Recovery Notes #8

Maybe God does take care of fools and drunks

I always think of the little white house on Yellowknife’s 54th Street as my place of healing. It was my home for the first three years of my sobriety and I was the last person to live there. By the time I left, it had a buckling foundation so it was donated to the fire department and burnt down to serve as training exercise for firefighters. Today it is the site of the Lynn Brooks Transitional Home for women and I like to imagine that the healing energy I found there has made its way to the women who pass through the home.

The house came to me against all odds in the first autumn of my sobriety.

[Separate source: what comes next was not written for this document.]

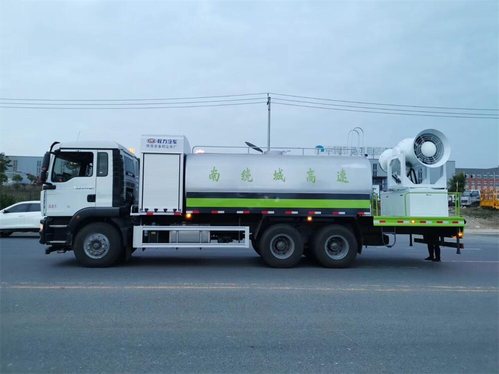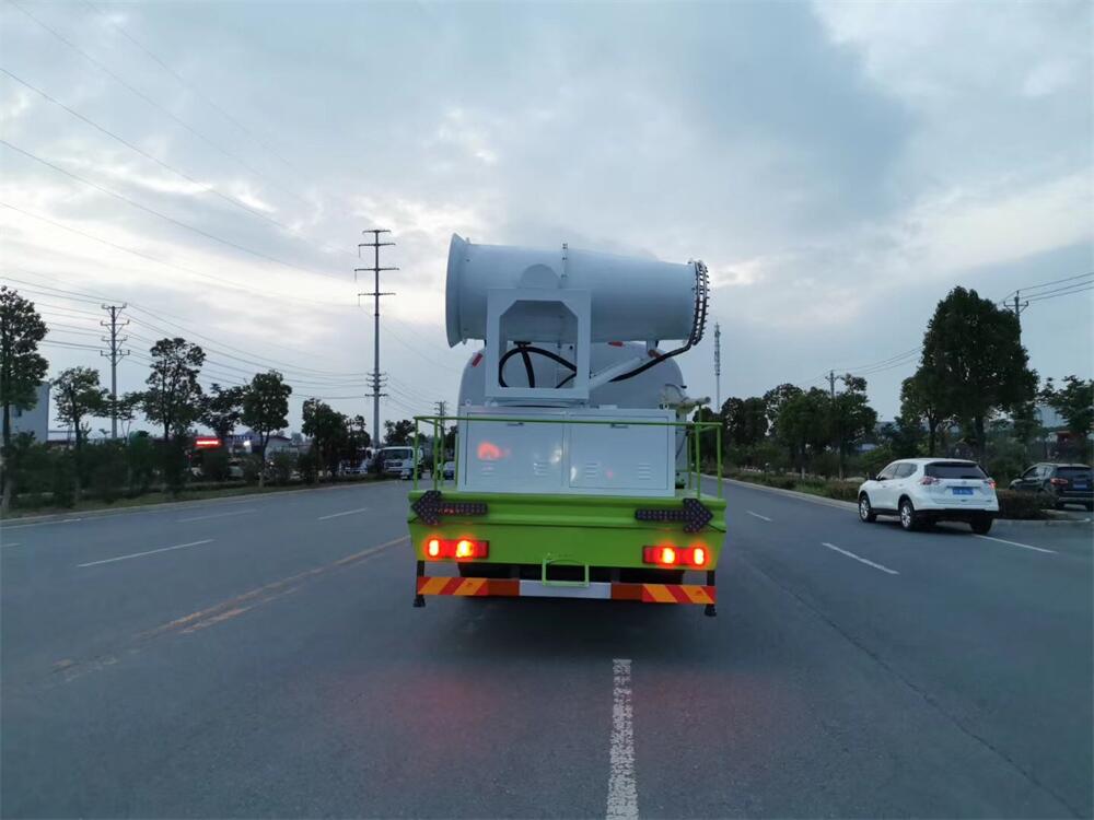 上裝配置:罐體容積為 16立方,選配風送式霧炮機組射程30米、40米、50米、60米、80米、100米、120米霧炮,罐體鋼板為4mm碳鋼Q235材質(zhì),罐內(nèi)隔板具有防波作用,以減輕汽車行駛時罐體液體沖擊,罐體及整車外形尺寸按照公告。帶大功率專用灑水泵,泵可自吸自排,整車前沖、后灑、側噴、帶65消防接口,后平臺配CLW-50、CLW-60、CLW-80、CLW-100、CLW-120型風送式霧炮機組;罐體前封頭配大功率柴油發(fā)電機組;前封頭帶水位計,后平臺主管路帶1寸澆花接口,后爬梯。帶兩根輸水管及陰陽端。罐體顏色:銀/灰/綠,罐體兩側噴“多功能抑塵車”字樣,貼反光標示。

Back in the 1982 when I moved to Yellowknife, the city was growing rapidly and the vacancy rate had been zero for more than a decade. I spent the first month sleeping in somebody’s walk-in closet. Then a single ad for a four-bedroom rental house appeared in the local newspaper the same week I met a miner during a hungover morning-after while drinking the dregs of booze abandoned the night before (don’t ask). After a ridiculous conversation (considering what we were doing) during which we both assured each other that we were practically teetotalers, we decided to share the house and rent out the other two rooms. Bret* also agreed to lend me money for my share of the rent.

We lived there for most of a year during which Bret and I consumed numerous bottles of beer and wine, he reconciled with his estranged wife and daughter and moved them into the house, quit drinking in favour of smoking dope (and left recovery pamphlets around the house which made me cry but not quit) and then started up again, then quit again (both booze and dope this time). I sobered up in August while Bret and his family were on vacation and, in September, we received an eviction notice because the house had been sold.

Bret bought a trailer for his family, leaving me with no place to go. I didn’t know any sober people with a room for rent and renting a room in a drinking house was dangerous for me. The only suitable accommodation I could find were bachelor units rented by the YWCA for $800 a month but, even though I’d gotten a research job at CBC, that was beyond my means. Then, not long before I had to move, the woman who was buying our place called on the off-chance that somebody might want to take over the little house on 54thStreet that she had been renting. The tiny one-bedroom house with a small patio in front was perfect for me and the rent was only $400 which I could afford. Maybe God does take care of fools and drunks.

On moving day my sponsor, Jen, showed up on my doorstep with a crew of inmates from the local jail. (Jen ran a non-profit organization and the guys at the jail were assigned to her for a half-day a week as part of their work program.) Dressed in regulation green work pants and shirts, the guys marched into my house and then marched out carrying all my worldly goods:  the components of my bed and a motley collection of boxes. The whole move was done in less than an hour — the easiest move I’ve ever had.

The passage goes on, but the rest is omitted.